Which things are necessary when sharing memory between different processors?

Question 1

Apart from Endianness, following might be important,

Implementation of standard api's might differ and can have adverse effects on shared data e.g. memcpy() on ARM is implemented in a unique way internally and i at least remember having a hard time with a bug porting an RTOS to ARM. I don't recall the exact details but those surely can be found with a little search.
Strictly use types and structures aligned by the tool chains. Because alignment and padding for each architecture might be totally different. So you would be in for a surprise if you try indexing values inside a struct using pointer / array indexing.

Question 2

Besides the issues in Fayyazki's answer there are several additional hurdles to the arrangement you describe.

Synchronisation: In all likelihood, you will need a pair of doorbell interrupts so that the CPU and DSP can interrupt each other to notify each other of communication. The alternative is polling - which is unlikely to result in high throughput.
Atomicity: Writing multi-word structures (e.g. C++ classes) to shared memory is problematic as you have none of the synchronisation mechanisms you might use in other circumstances such as bus-locking or disabling interrupts. You could use spin-locks to control read and write access if you insist on writing multiword structures to the shared memory. Controlling the memory packing of your structures may in fact result in more multi-word accesses.
Concurrent memory access - if you are using true multi-port SRAM, concurrent writes on the same address will be non-predictable. You therefore don't do this.
Memory/instruction order barriers: You will need to use memory barriers to ensure that writes are observed on the memory bus in the order you expect (many Cortex A-series ARM CPUs have out-of-order execution and store behaviour). This is in addition to either making the address range of the memory uncachable or flushing the cache.

By far the easiest approach to implementing communications between the two processors is to use a ring buffer in which the writing head and tail pointers are the natural word-size of the memory and are maintained by the writing processor and reading processor respectively. You will need barrier (both memory and instruction order) after writing data to the buffer and updating the head pointer to ensure writes into the buffer are observed by memory before updating the head pointer.
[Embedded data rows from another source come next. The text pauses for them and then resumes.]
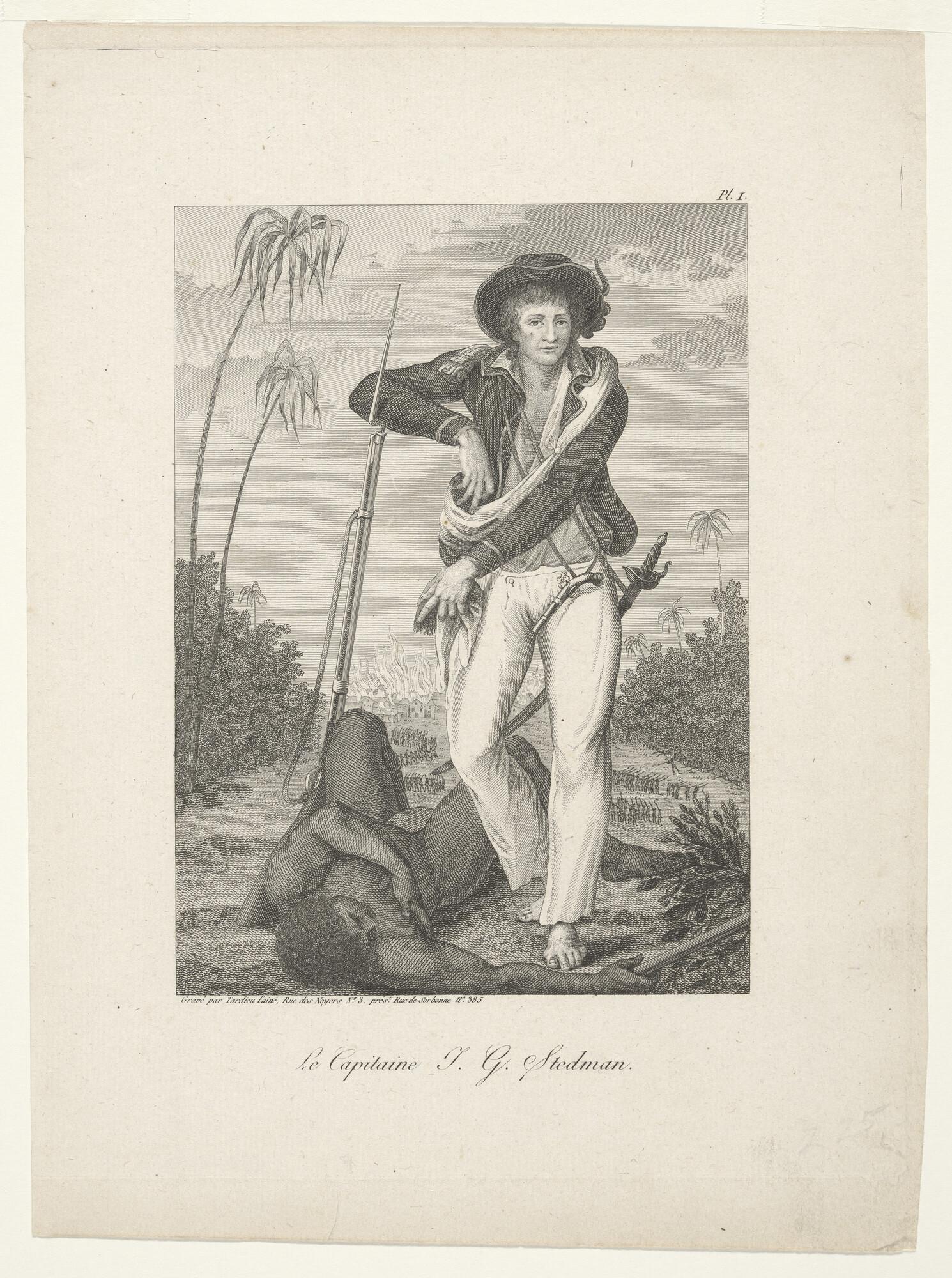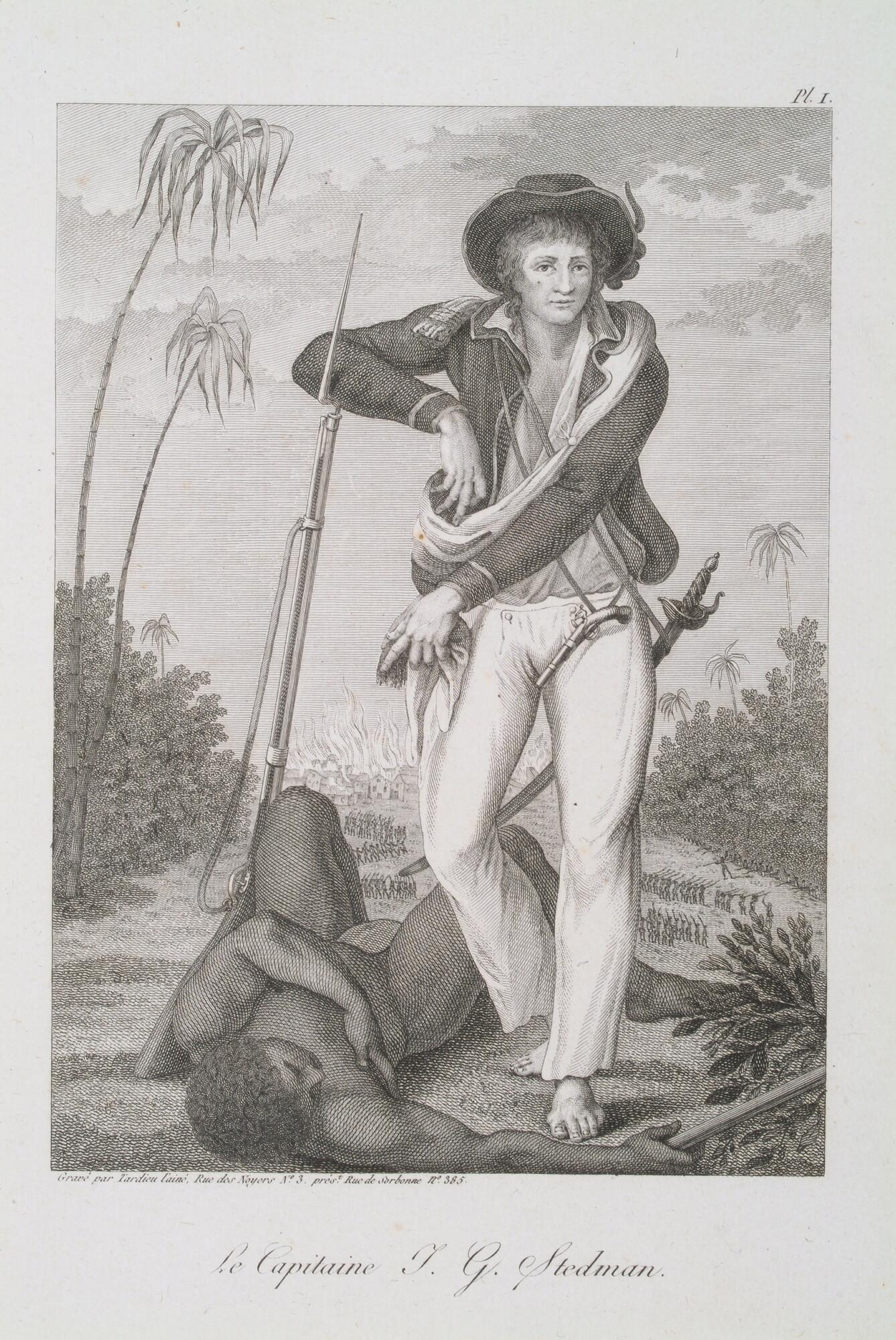 Gravure (plaat 1) uit de Franse editie van J.G. Stedman's 'Reize naar Surinamen' (1799 - 1800): Portret van kapitein J.G. Stedman, met een gedode zwarte man aan zijn voeten.
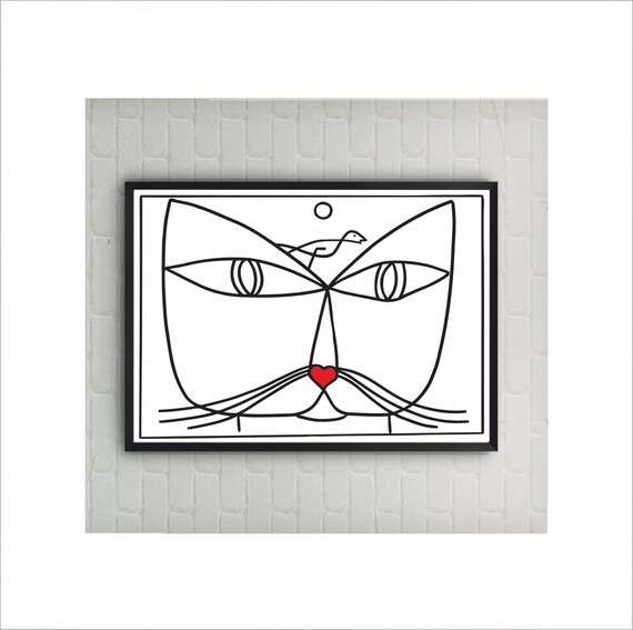 Katze Liebhabergeschenk Katze Zeichnung Minimale Katze Kunst
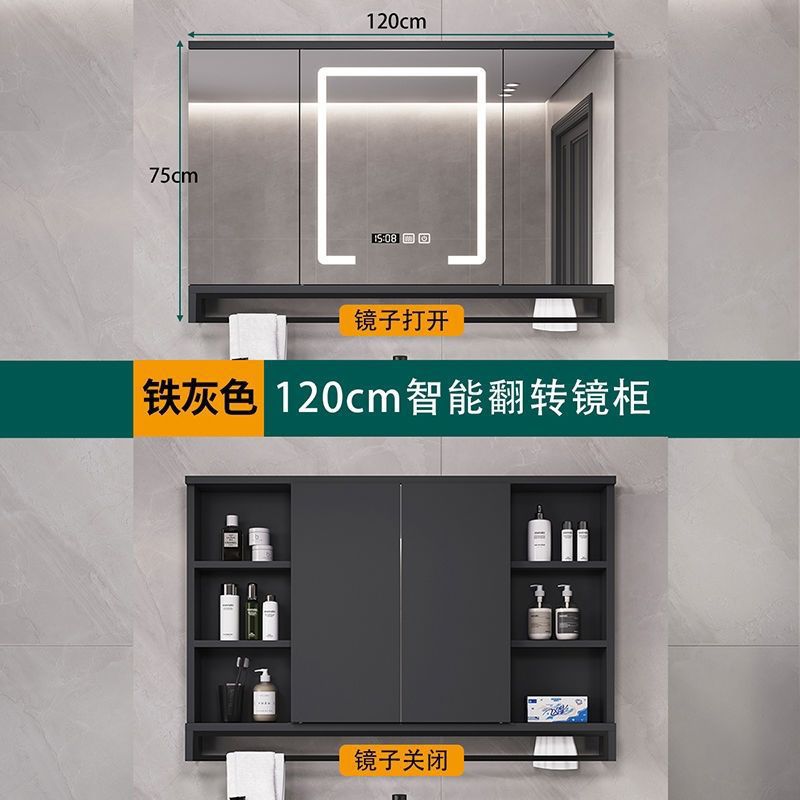 120cm灰色智能翻转储物镜柜
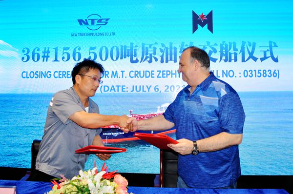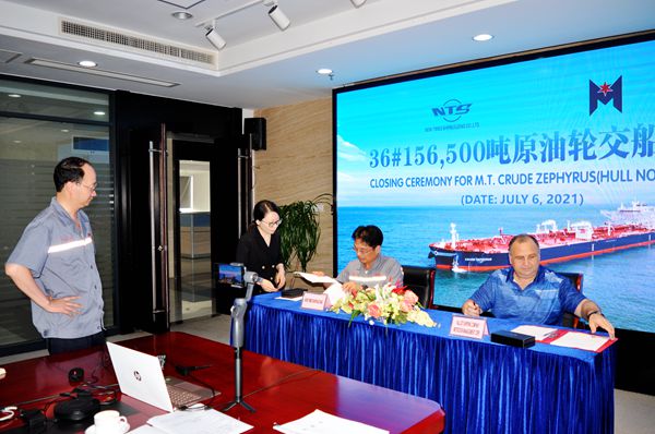 在大家的见证下,常务副总经理张玉永与希腊船东METROSTAR MANAGEMENT CORP.代表共同签署交船文本,名为“CRUDE ZEPHYRUS”的36#156500吨油船正式交付船东,这是本月交付的第二艘船舶。
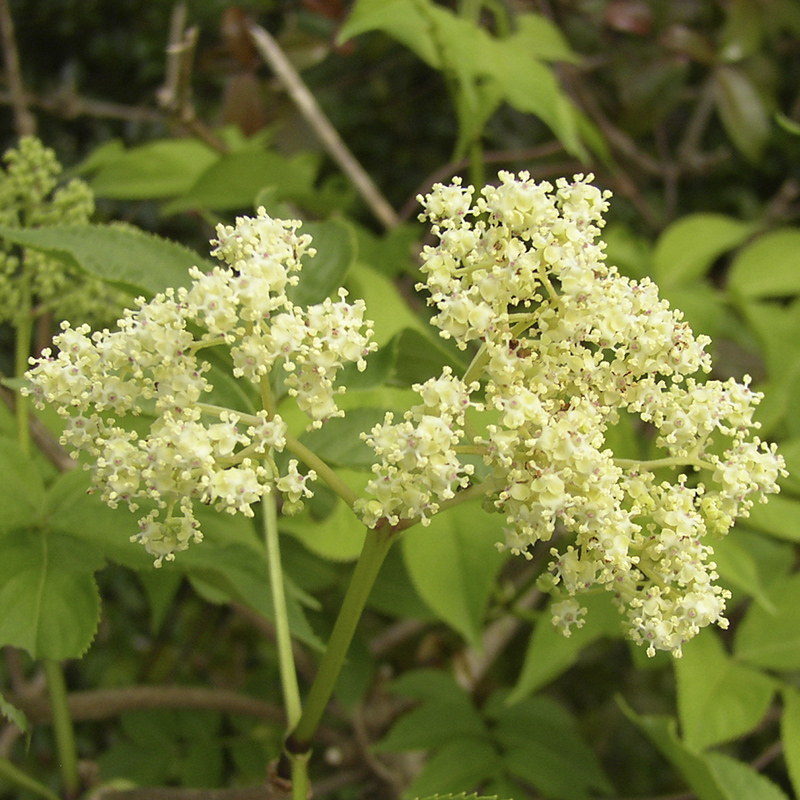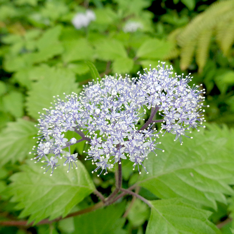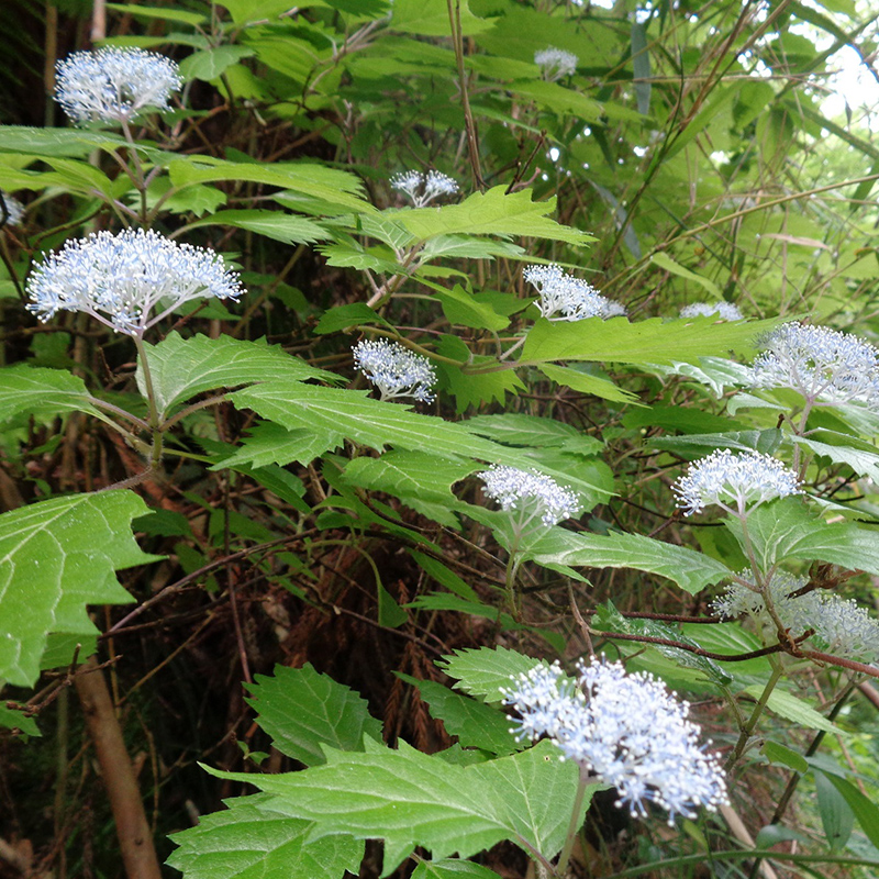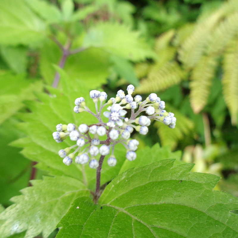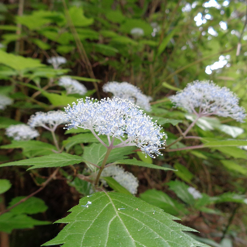 ④小紫陽花(コアジサイ)が咲き始めました。青紫色の小さなつぶつぶの花の集まりで装飾花はつきません。

Reads work in reverse.

Question 3

ARM's weakly-ordered memory model means you'll likely have to be very careful with synchronisation and coherency if you're using cacheable memory - if this is the case I'd recommend a thorough read of the brain-melting memory model chapters of the ARM ARM (and possibly the barriers appendix).

Also, if the two processors have different views of the same memory (à la Raspberry Pi), then having pointers in the shared data could be fun*...

_{* for some given value of "fun"}